Воздух совершенно неподвижен. Нет теплого, слабого дыхания, мягко обдувающего мое лицо. Ничего нет.
Вообще ничего.
Проснись, Наоми.
Горячие слезы катятся по моему лицу, и я давлюсь слизью, стекающей по задней стенке горла. Протягиваю руку, беру запястье дочери и вдавливаю указательный и средний пальцы в мягкую детскую кожу.
Ничего. Пульса нет.
Проснись, проснись, проснись. Это просто кошмарный сон. Просыпайся!
Внезапно из груди вырываются рыдания. Пока я с открытым ртом таращусь на дочь, она с безжизненным видом смотрит в потолок. В ее глазах застыла тень страха.
Что она увидела?
Я протягиваю руку и беру ее за ладонь. Такая холодная.
Сколько времени Фрейя пролежала здесь? Почему упала? И как мне вернуть ее обратно? Наверняка, если я закрою глаза, задержу дыхание, загадаю желание, она проснется. Или проснусь я.
Ты спишь. Все, что тебе нужно сделать, – это очнуться.
Отпустив руку Фрейи, я щипаю нежную кожу на внутренней стороне своего локтя – сильно.
Проснись, Наоми!
Закрываю глаза, жду несколько мгновений, пытаясь выровнять дыхание, затем поднимаю веки.
Я не лежу в своей постели, с облегчением глядя в потолок. Я по-прежнему в полной тишине стою на коленях на полу в прихожей. А Фрейя…
Крик льется из самого моего нутра – такого звука я никогда раньше не издавала.
Лихорадочно оглядываюсь вокруг в поисках подсказки к тому, что произошло, пытаясь найти признаки того, что это сон, простой кошмар, но…
Что это?
В дальнем конце прихожей, почти касаясь входной двери, лежит маленький серый предмет, перевернутый вверх ногами, словно его отбросили в сторону.

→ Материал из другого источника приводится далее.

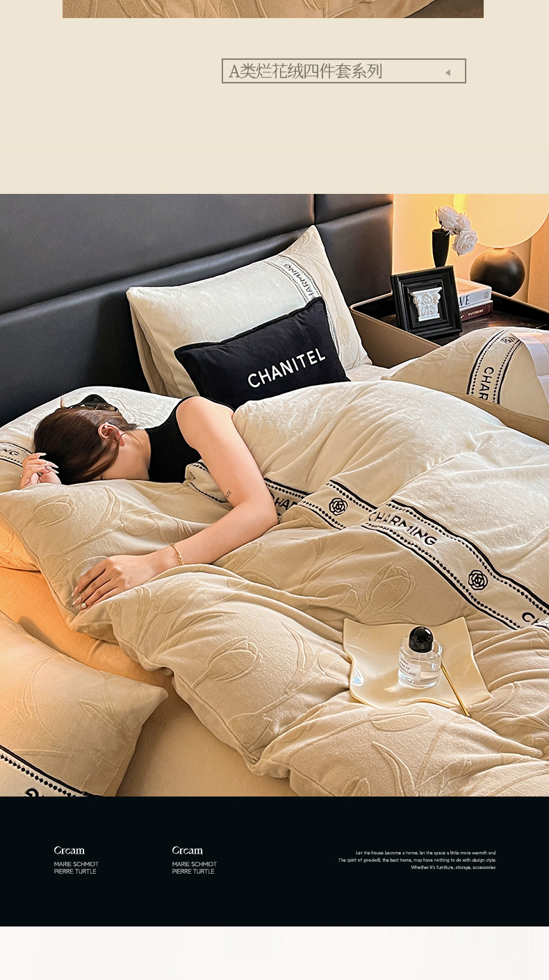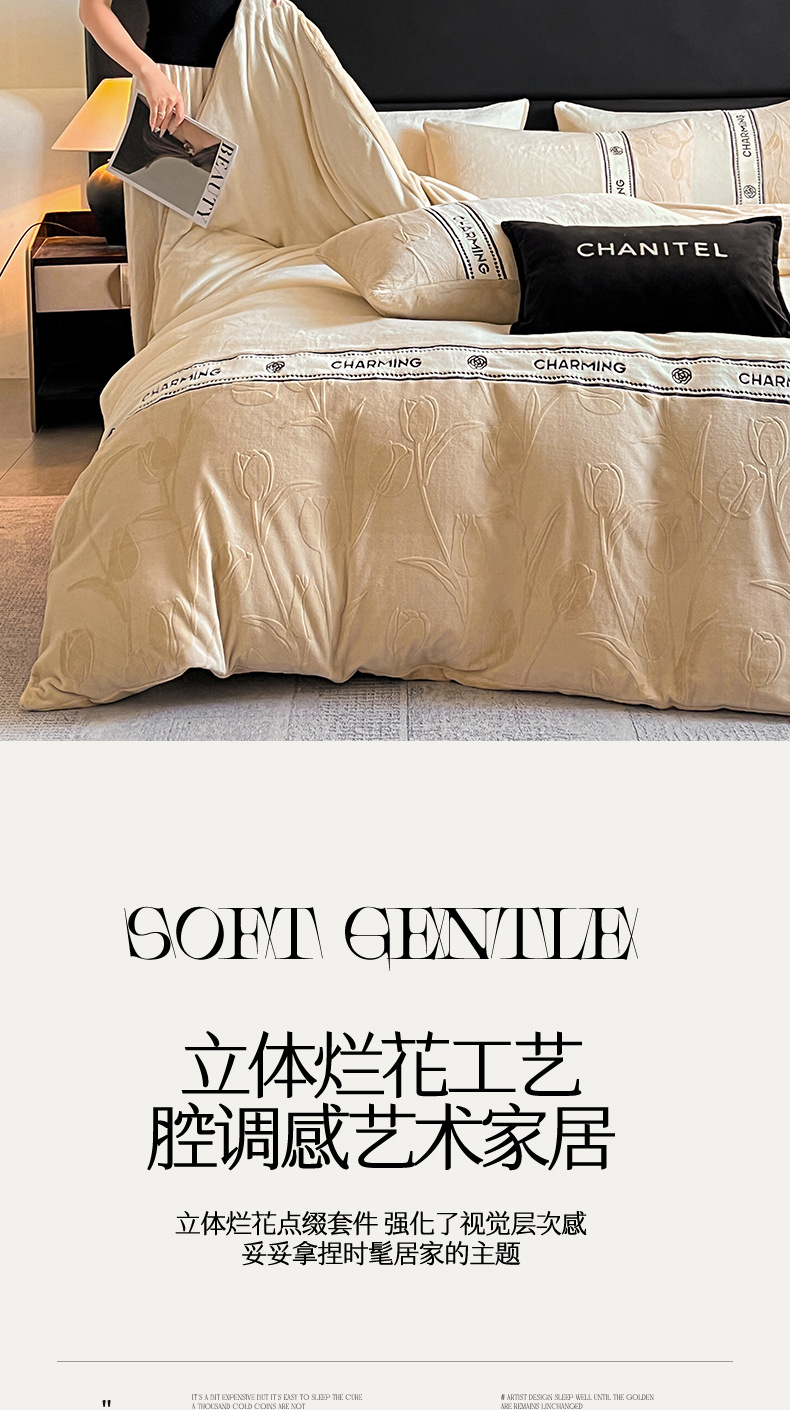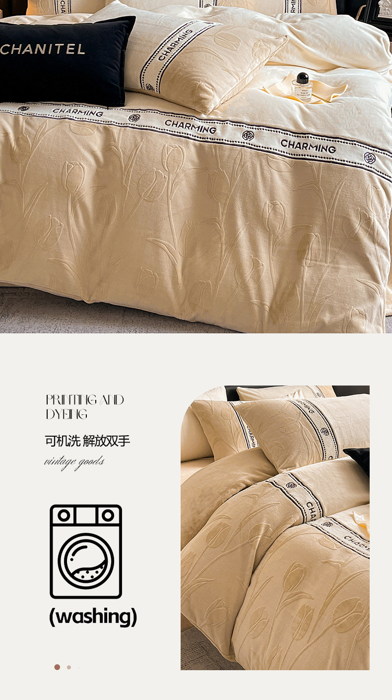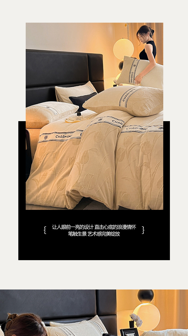 Invierno de alta gama tallado cama de terciopelo conjunto de cuatro piezas 2025 nuevo terciopelo de leche grueso coral sábanas de terciopelo cubierta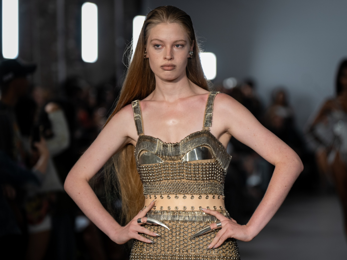 La figlia di Musk ha partecipato allo show di Prabal Gurung nella chiesa di St. Bartholomew su Park Avenue in un maxiabito ecru e lo sguardo da modella fisso nel vuoto. Ha poi calcato le passerelle di Dauphinette e Olivia Cheng (top da bikini e gonna asimmetrica bianca coperta di scarafaggi verdi).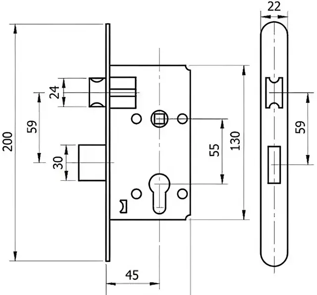 при повороті ключа висувається ригель із максимальним виходом 22 мм.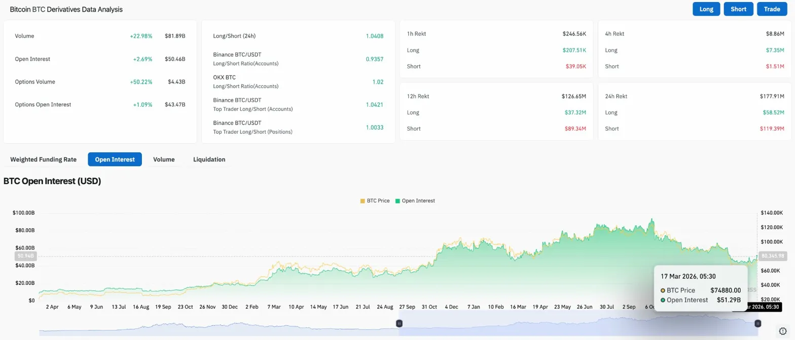 Open interest grew 2.69% to $50.46B as volume rose 22.98% to $81.89B. Options volume jumped 50.22% to $4.43B reflecting heavy activity around the squeeze event. The Binance long/short ratio sits at 0.9357 for accounts and 1.04 for top trader accounts, nearly flat on both sides. Top trader positions at 1.0033 shows institutional positioning is essentially neutral despite the retail long bias visible in the account ratios.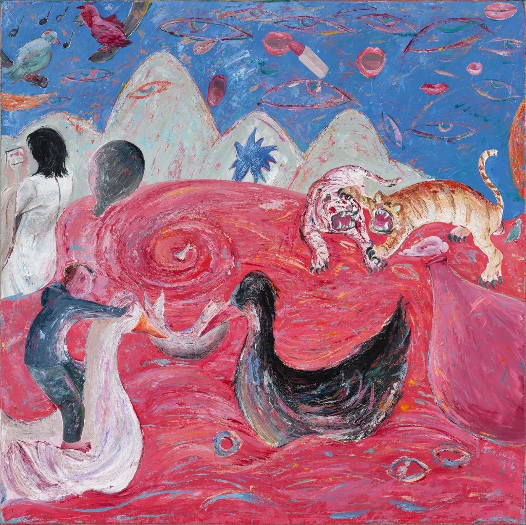 刘鹏,春色满园,布面油画,150×150cm,2021

Прищурившись, я пытаюсь разглядеть этот предмет, хотя перед глазами все плывет и помещение сильно раскачивается из стороны в сторону.
Что это такое? Что…
Это Мышонок. Мышонок Фрейи.
Должно быть, она взяла его с собой. Должно быть, он выпал у нее из рук, когда она…
Нет.
Я снова перевожу взгляд на Фрейю. Она по-прежнему лежит неподвижно.
Как это произошло? Как она упала? Она пыталась разбудить меня? Хотела добраться в мою комнату по длинному коридору с неровными полами? Или шла в туалет? Ей что-то понадобилось? Она попыталась спуститься вниз самостоятельно? В темноте?
Проснись, Фрейя. Проснись, проснись, проснись.
Кто-нибудь, помогите мне.
Пожалуйста!
Я трясу головой и прижимаю пальцы к вискам, чтобы собраться с мыслями, но внутри поднимается паника.
Думай, Наоми. Думай. Постарайся вспомнить. Она пыталась тебя разбудить?
Я лихорадочно роюсь в закоулках своего сознания, но ничего не могу вспомнить. Стоит мне принять таблетку, и я улетаю из этого мира. Словно впадаю в кому. Словно никогда больше не проснусь. И иногда целые отрезки времени распадаются в моей голове на отдельные кусочки. Иногда они полностью исчезают, и я остаюсь с огромной, зияющей черной дырой вместо памяти.
Мне нужно время, чтобы подумать.
Если б я не приняла ту таблетку, я бы смогла помочь Фрейе. Что, если она звала меня, а я не слышала? Что, если она нуждалась во мне?
Открываю глаза и вижу перед собой ее лицо.
Почему она пыталась спуститься вниз в темноте? Почему вышла из своей комнаты? Почему она это сделала? Почему?!
Но среди всех вопросов один постоянно приходит мне на ум и не дает покоя. Среди всех этих «почему» лишь одну дилемму я не могу отбросить в сторону или оставить без ответа.
Как мне рассказать об этом Эйдену?
Моя ладонь сама собой прижимается к животу, перед глазами все расплывается.
Когда примерно неделю назад я узнала, что беременна, эти две едва заметные полоски на тесте означали одно – второй шанс. Надежду.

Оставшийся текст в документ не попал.